O “falecido”, que tudo ouvia, levantou a tampa do caixão:
– Em casca ou limpo?


– Em casca.
– Então, pode seguir com o enterro.


***

Pois é, amigo , a indolência é, realmente, a “morte em vida”.

O indivíduo perde a iniciativa e passa a vegetar, alheio à dinâmica da existência, sinônimo de movimento.

Fundamental que entremos em compasso, até para que não atrofiemos os músculos, perturbemos os neurônios ou comprometamos o coração, como o demonstra hoje, claramente, a ciência médica.


Raros os que não se envolvem com a ociosidade, em alguma fase da vida, exprimindo tendências bem típicas do estágio evolutivo em que se situa a humanidade.


A própria encarnação, o vestir do escafandro de carne para o mergulho na matéria densa, é um dos recursos usados por Deus para fazer com que o Espírito mexa-se.


Submetidos a um corpo que deve ser sustentado e protegido, sob a égide do instinto de conservação, vemo-nos na contingência de “dar duro”, para atender às suas necessidades.


Se permanecêssemos indefinidamente no mundo espiritual, onde ninguém morre de fome ou frio e se sobrevive sem abrigo, tenderíamos a estacionar.


Essa necessidade está bem definida na fantasia bíblica, quando Jeová diz a Adão que deveria ganhar o pão de cada dia com o suor do rosto.


Abençoado suor, que nos liberta da inércia.


***

Uma fase crítica, nesse particular, diz respeito à chamada terceira idade, depois dos cinqüenta, no outono da existência.

Não raro, situação financeira estável, garantida o sustento diário pelos proventos de aposentadoria, as pessoas entendem que podem desfrutar as benesses da ociosidade.


Lembrando a história que abriu estes comentários, podemos afirmar que num estágio dessa natureza, quando perdemos a disposição de aprender, de produzir para a sociedade, de crescer em conhecimento, de lutar contra as imperfeições, só servimos mesmo para… morrer.


Imagino que Deus nos dá tempo limitado na Terra, justamente porque há uma tendência para nos acomodarmos, caindo num marca-passo espiritual.


Aprendemos com a Doutrina Espírita que não há retrocesso.


Ninguém retrograda nos caminhos da evolução, mas raros fogem ao estacionamento, a partir de determinada idade, acomodando-se às próprias mazelas.

Então, vem a morte, um choque evolutivo de alta voltagem, a agitar nossa alma.

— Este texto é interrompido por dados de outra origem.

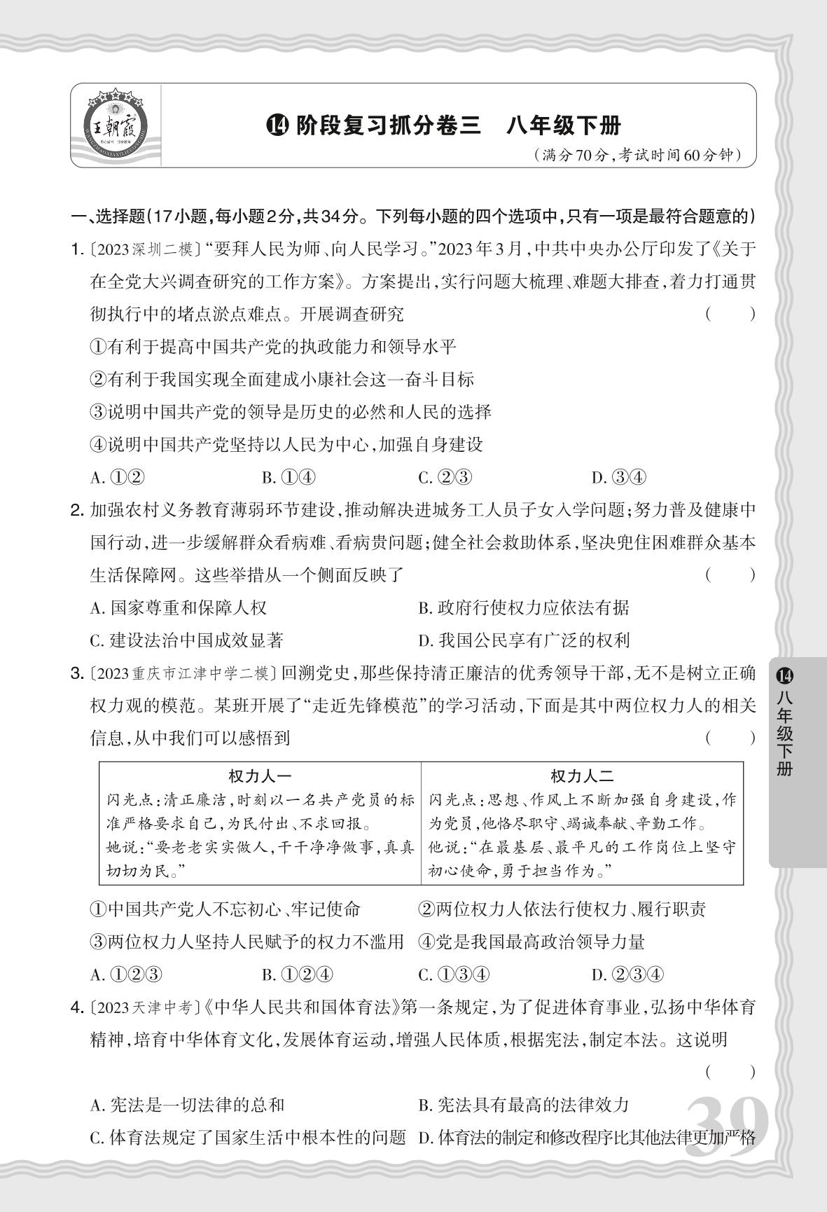 河南中考阶段复习抓分卷三 八年级下册·道德与法治【14】
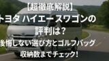 | 大人数(8〜10人)でゴルフ遠征 | WB/WDクラス(大型ワゴン) 例:ハイエースワゴン・キャラバン ➤ ゴルフバッグ4〜5本も余裕 |

Somos projetados no mundo espiritual, onde se faz a aferição da jornada humana, com a avaliação de méritos e deméritos a determinarem em que região estagiaremos e a natureza das novas experiências, sempre objetivando nosso crescimento.
Com o tempo, tendemos a nos acomodar.


Vem o choque reencarnatório.


Mais alguns decênios, novo acomodamento.


Vem o choque desencarnatório.


Assim, de choque em choque, habilitamo-nos superar a tendência ao dulce far niente, para assumirmos as responsabilidades de filhos de Deus, chamados a colaborar com o Nosso Pai na obra da Criação.